As you will have gathered, I made it back from Thailand in one piece. Sadly, there was no upgrade to business class. I think we were almost there, what with the hideous beige lymphodema sleeve and the doctor’s letter and the I’ve had cancer face, but the check-in lady caught one sight of the kid and our chances were done. People do not pay big bucks to sit up the pointy end only to listen to a 6-year-old boy loudly narrate his game of Angry Birds Star Wars on the iPad for eight hours straight. Although if anyone from Guantanamo Bay is reading, I reckon I’ve found your latest and greatest instrument of torture. He goes by the name of Hugh and will.not.shut.up.

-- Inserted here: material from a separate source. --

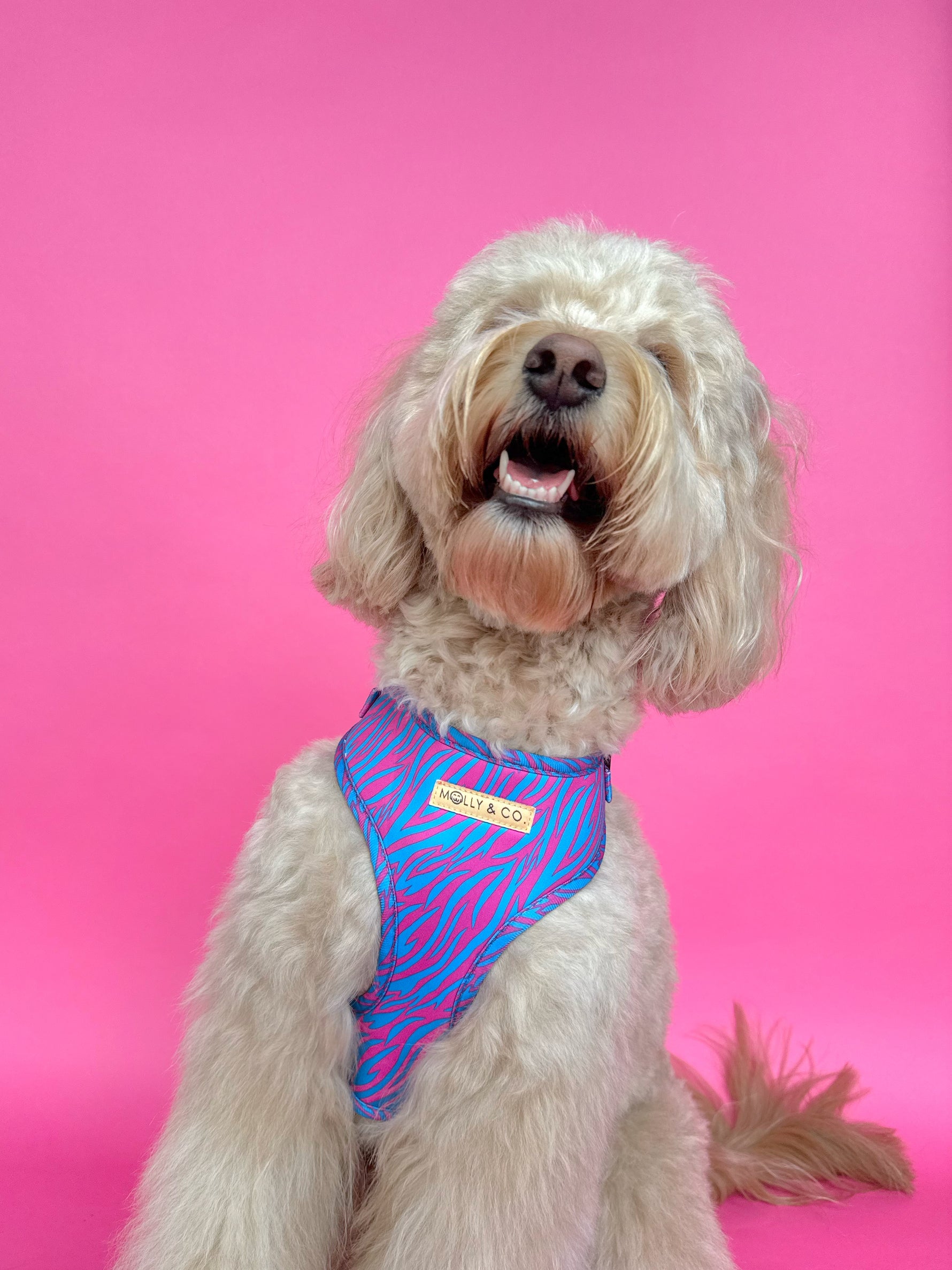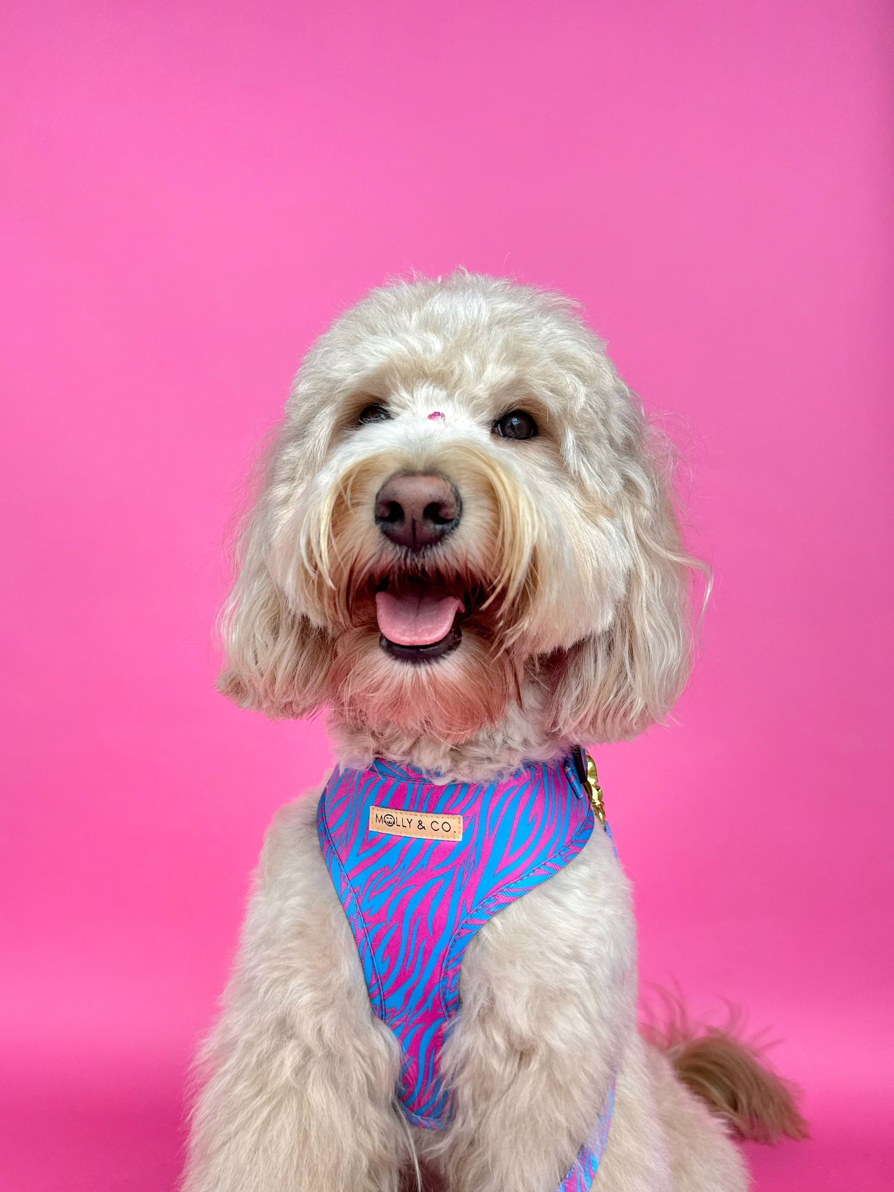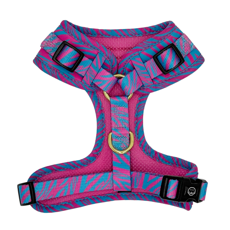 Where playful style meets functional design, the Malibu Doll Adjustable Harness is a must-have for the trendsetting pup. Featuring a striking pink and aqua blue tiger print, this harness is perfect for the pup that knows style. Designed with both comfort and style in mind, your dog will turn heads on every walk.
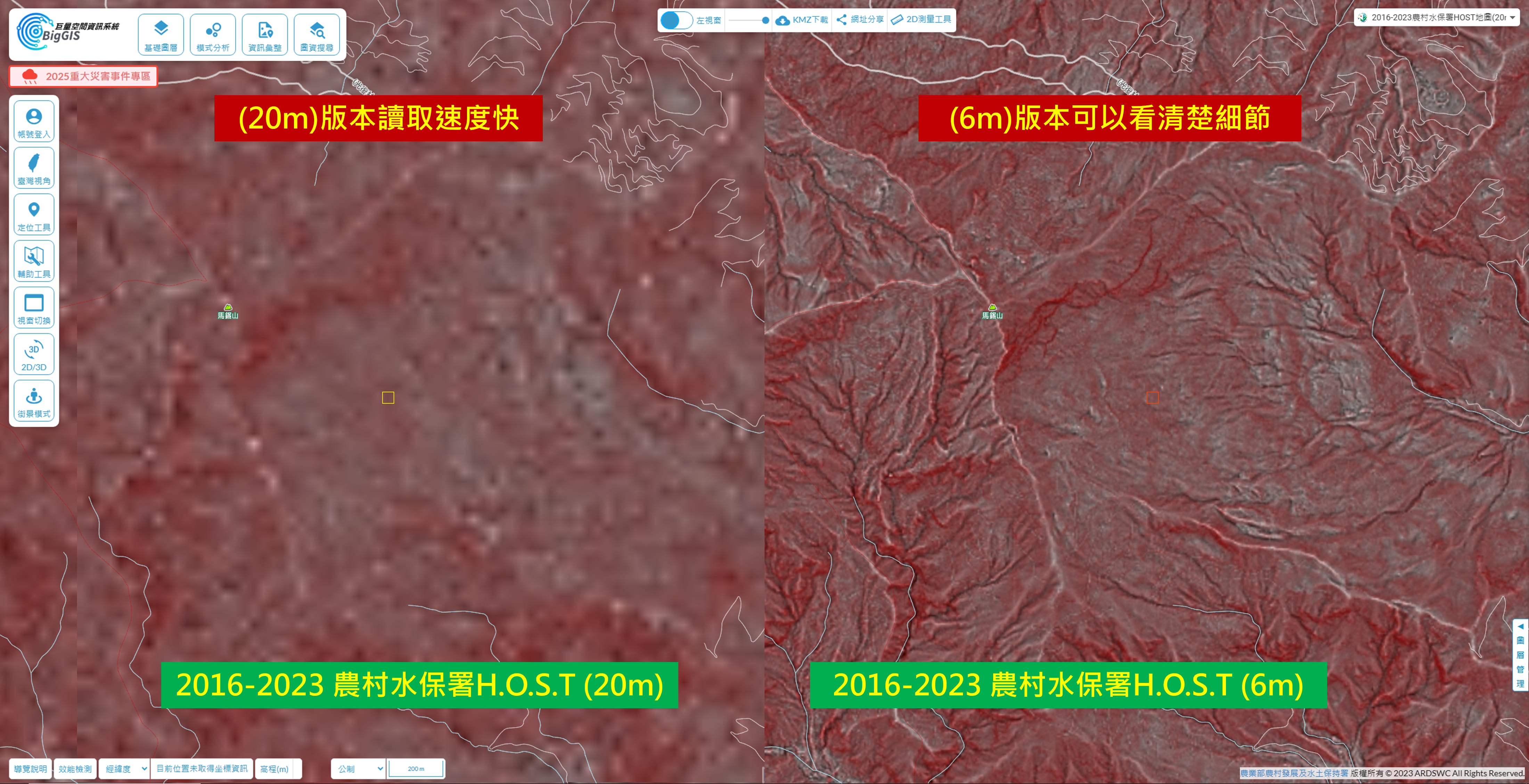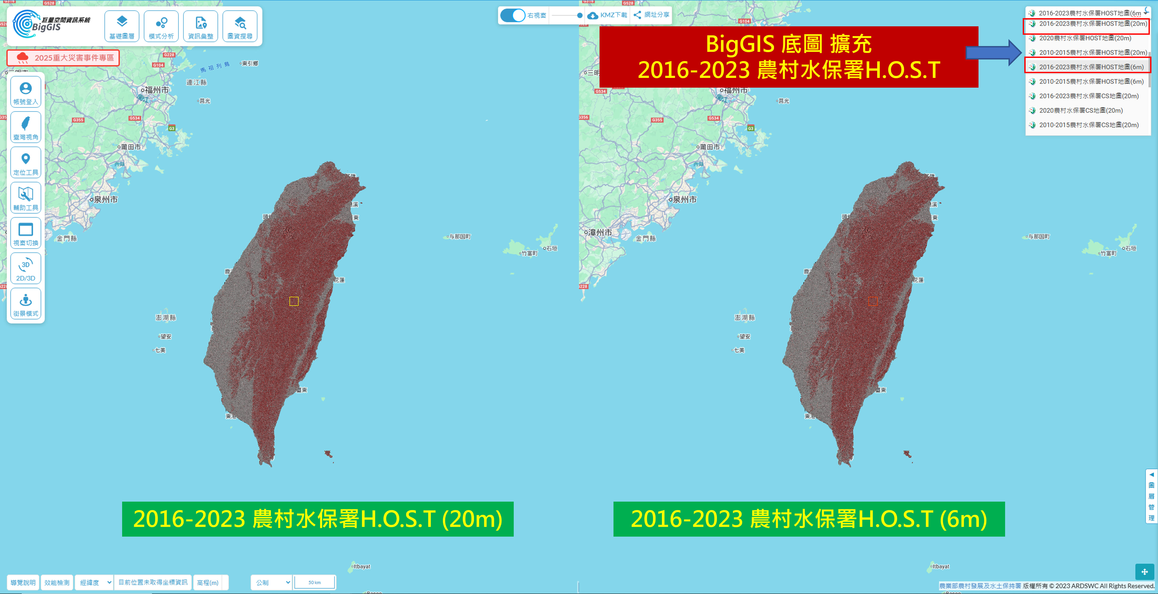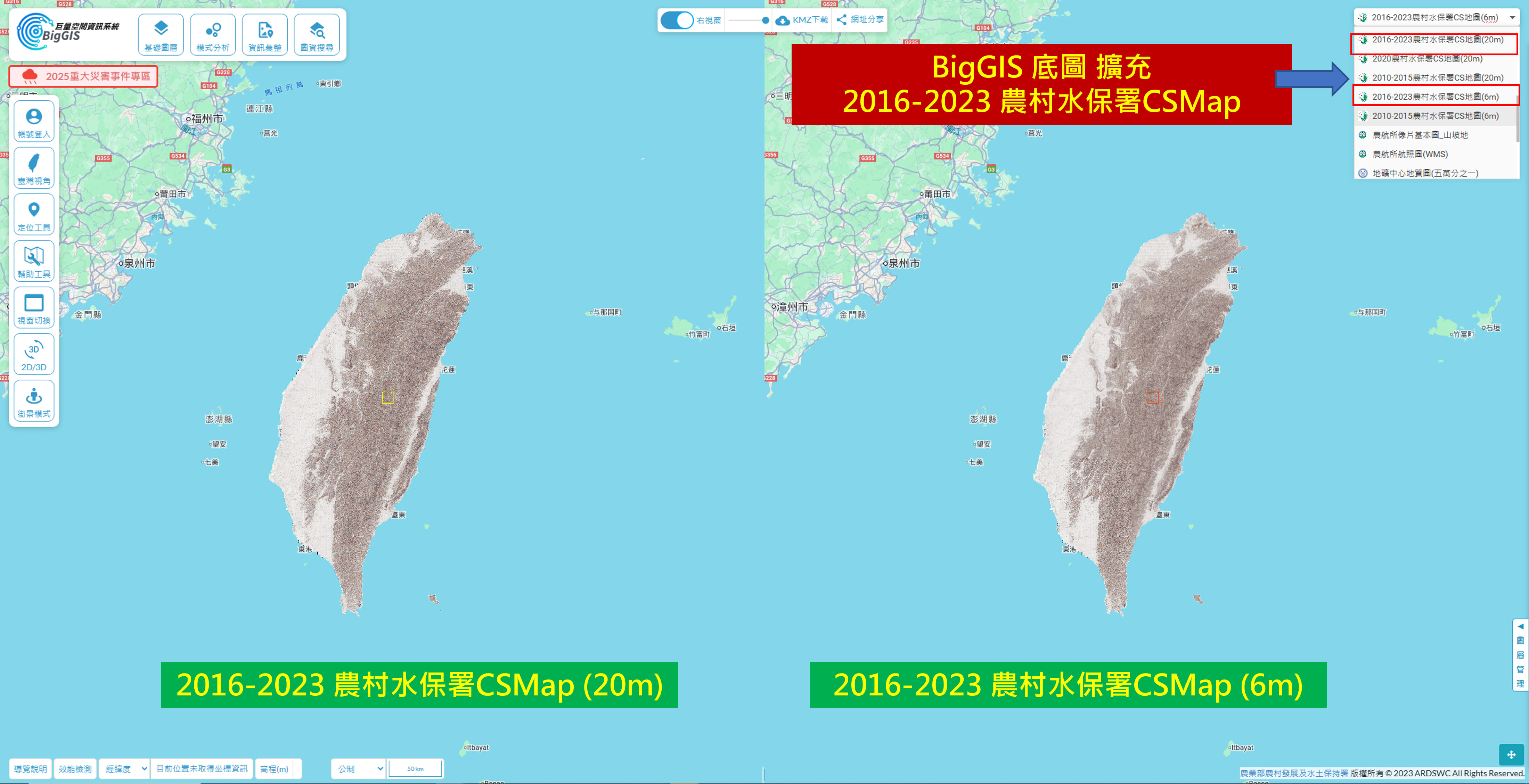 👉 為提升全臺地表地形解析度與地貌變遷比對能力,BigGIS 新增 2016–2023 年最新「農村水保署 H.O.S.T」與「CSMap」資料。

Anyway, after our stint in the cheap seats, we made it to Thailand – or as I like to call it – land of the continuous sweat. I am handmade in Germany, and have a special backing material which means I am warm against the skin in winter, and cool against the skin in summer. Except if summer is hotter than a balmy 26 degree day in Berlin, in which case I will become the cause of considerable extra sweating. Because when it’s 35 degrees celcius and 95% humidity, and she’s walking around a market where stalls are packed in like a crazy person’s game of tetris, what she needs is a little something else to make her perspire. She wasn’t up for much shopping at those markets, although she did lash out and get me these Prada sunglasses for $2. The man at the market stall said they were 100% genuine. I said me too. Oh how we laughed.

prada boob

You’ll be pleased to hear that I managed to keep myself safe whilst swimming in Thailand. She wore a rashie over her swimsuit so I had no chance of escape. I did notice that we were the only ones not frying our skin wearing nothing but a string bikini and some coconut oil in the blazing sun. You might be looking tanned now, ladies and gents of Russia who like to holiday in Thailand en masse, but eventually you’re going to look like this:

sunburn

So there was lots of swimming, meeting of elephants, patting of tiger cubs, rides in tuktuks and visits to temples. I got through all that ok, although I admit I was a bit worried when one of the baby elephants groped me with its trunk. When you touch me, I do feel somewhat like a squishy rockmelon so I can’t blame that elephant for having a crack, but fortunately for me a nice man came to the rescue with a banana (and no, I don’t mean that metaphorically, this is not an episode of the Benny Hill Show you know).

elephant

Now we’re back in Australia and on the countdown to Christmas. Actually Boxing Day is when I really celebrate, for obvious reasons. And speaking of boxes, I have a new friend. Some dear mates of she who’s supposed to write this blog recently visited the Museum of Old and New Art in Tasmania where they saw a very special exhibition. It was a collection of moulds made from the :ahem: lady gardens from a lot of ladies. By lady gardens, I mean the downstairs area. You know, the vulva. Anyway, as you would imagine, these mates are very cultured, and they know I’m a classy boob, so they bought back someone to keep me company on the shelf of an evening. I’m so pleased to be able to introduce you to her now. Ladies and gentlemen of the internet, behold my friend Pussy in a Package:

pussy package 2

Just to be clear, whilst I’ll be doing my daily duties in the bra, Pussy will be staying in her package all the time, because thankfully we don’t know anyone who has practical need of a prosthetic vulva made of lemon myrtle-scented soap.

I’m just off to register the domain name http://www.pussyinapackage.com (can’t imagine why that one would already be taken) and then I’ll be spending some quality one-on-one time with my friend who smells like the Australian bush. Come to think of it, she kinda looks like it too.